• **Provided data**
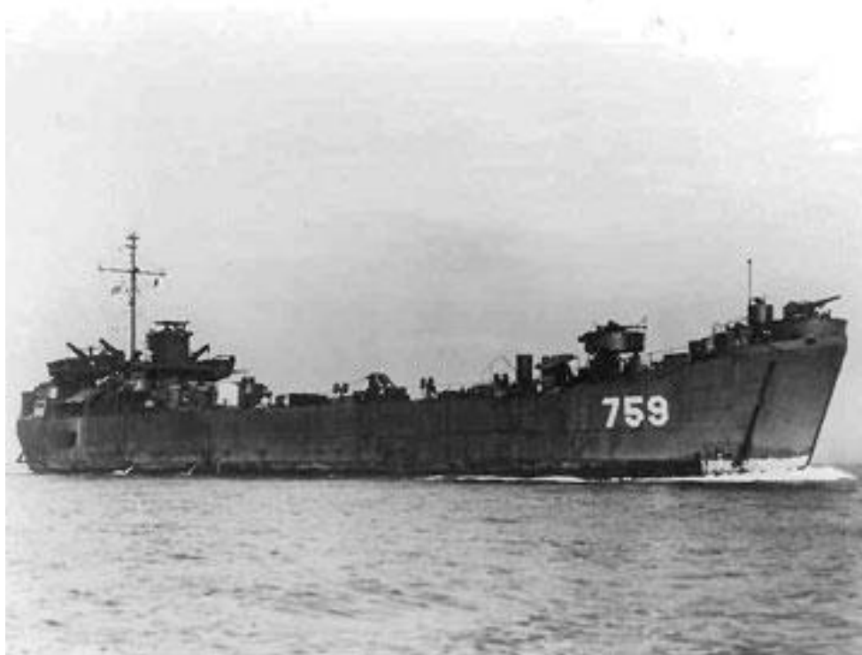
A Landing Ship, Tank during World War II
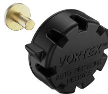
22-IM-VALVE Storm Case Automatic Purge Valve
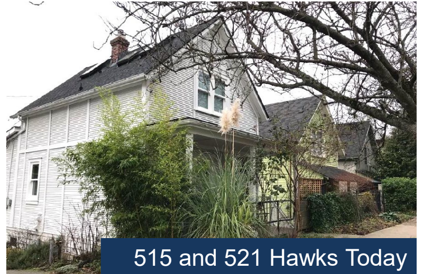
515 and 521 Hawks Today
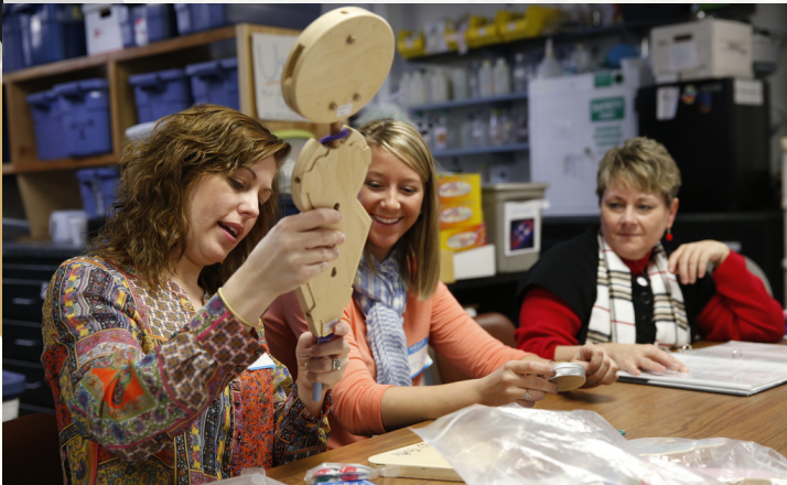
Left to right: A science lesson as part of the VSVS/VINSE outreach program; Next Steps graduation.
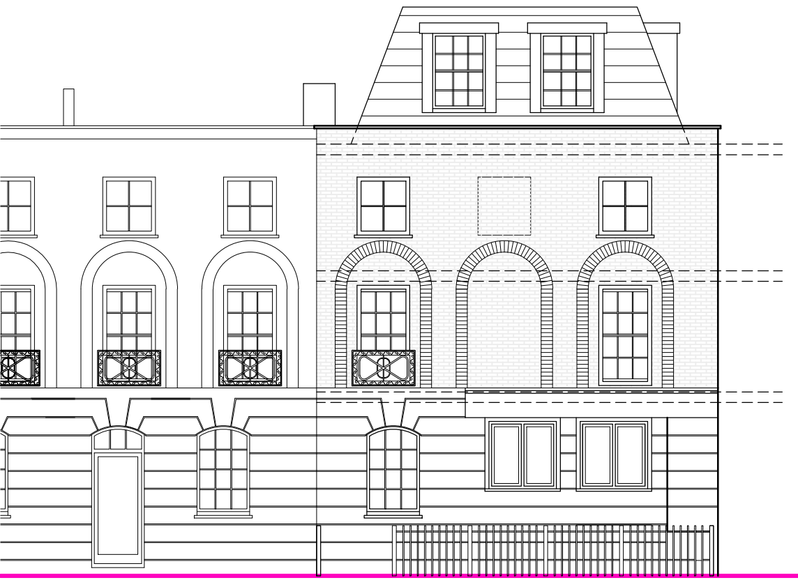
EVERSHOLT STREET ELEVATION
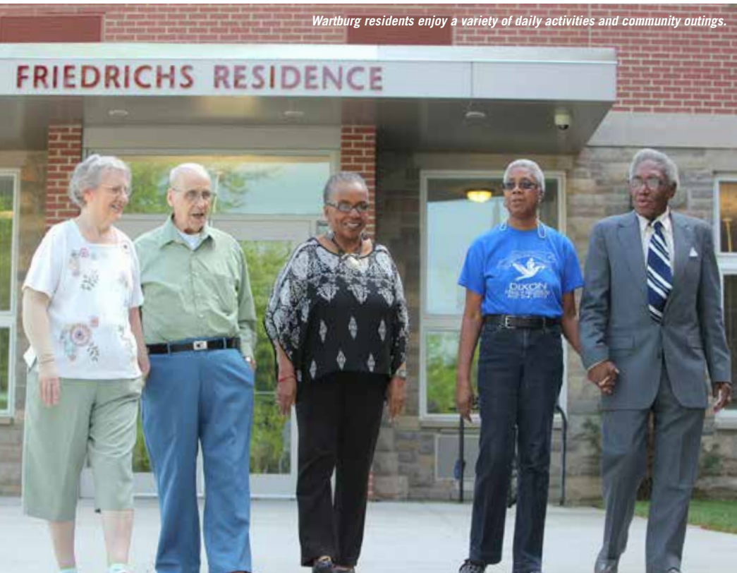
Wartburg residents enjoy a variety of daily activities and community outings.

Living independently at Wartburg offers the comforts of a retirement community on a rental basis, in a secure gated, community. There are no entrance fees or long-term commitments. Comforts include;
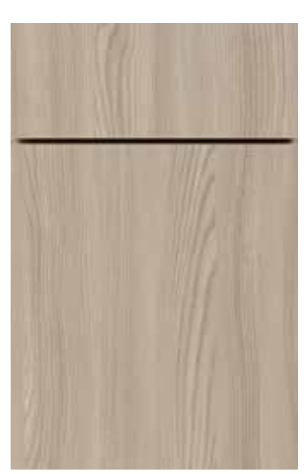
Genova © Slab Drawer Front
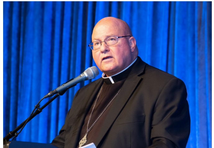
Archbishop Dunn speaking at the Archbishops Dinner in 2019. Funds raised from the Dinner went to support infirmed and Retired Priests which cost over $428,000 in 2019.
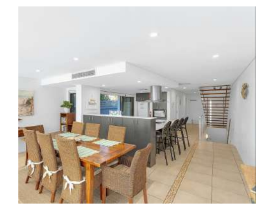
This development consists of 5 townhouses which enjoy views looking over Jervis Bay. The units are arranged over 3 levels with access to basement parking below.
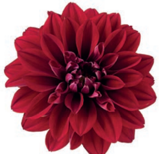
Dahlia Novation Red | 73951
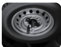
Spare Wheel Lock

Provides additional security for the spare wheel against theft – Raptor
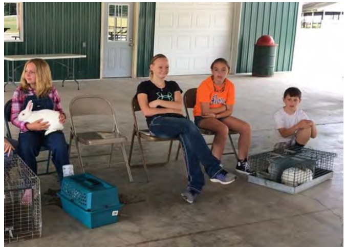
Above, 4-Hers attend a Rabbit Workshop on June 17 in Clay County.

The Clay County 4-H hosted a Rabbit Workshop on June 17 at the Clay County Fair Grounds. Ten youth attended this workshop to learn more about their rabbits dietary needs, care and handling of their animal and expectations for the day of the rabbit show. The workshop wrapped up with a time for questions participants might have. This workshop allowed for youth to develop a better knowledge of their 4-H projects.
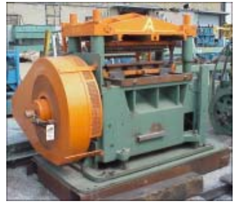
50 Ton YODER #P-50-S, 5" Str., 50 SPM, 7-1/2 HP Stock # 32132 ..... $24,500
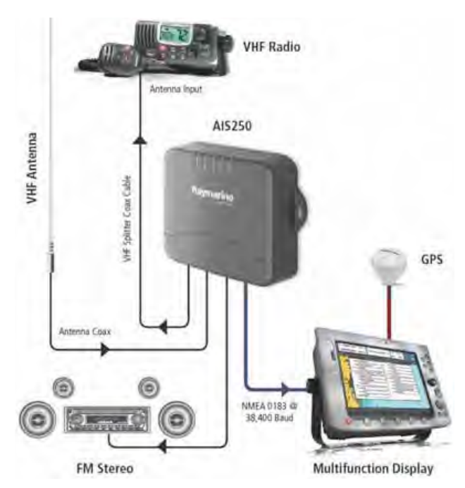
Fig. 2. AIS configuration [2]
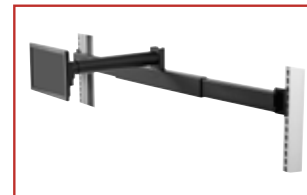
Portrait and landscape orientation - DB10D not included

• **What is being asked**
Output exactly and only the lines from the line containing "Dahlia Novation Red | 73951" to the end of the entries, both included, and omit every picture.

• **Answer to this task**
Dahlia Novation Red | 73951
Spare Wheel Lock

Provides additional security for the spare wheel against theft – Raptor
Above, 4-Hers attend a Rabbit Workshop on June 17 in Clay County.

The Clay County 4-H hosted a Rabbit Workshop on June 17 at the Clay County Fair Grounds. Ten youth attended this workshop to learn more about their rabbits dietary needs, care and handling of their animal and expectations for the day of the rabbit show. The workshop wrapped up with a time for questions participants might have. This workshop allowed for youth to develop a better knowledge of their 4-H projects.
50 Ton YODER #P-50-S, 5" Str., 50 SPM, 7-1/2 HP Stock # 32132 ..... $24,500
Fig. 2. AIS configuration [2]
Portrait and landscape orientation - DB10D not included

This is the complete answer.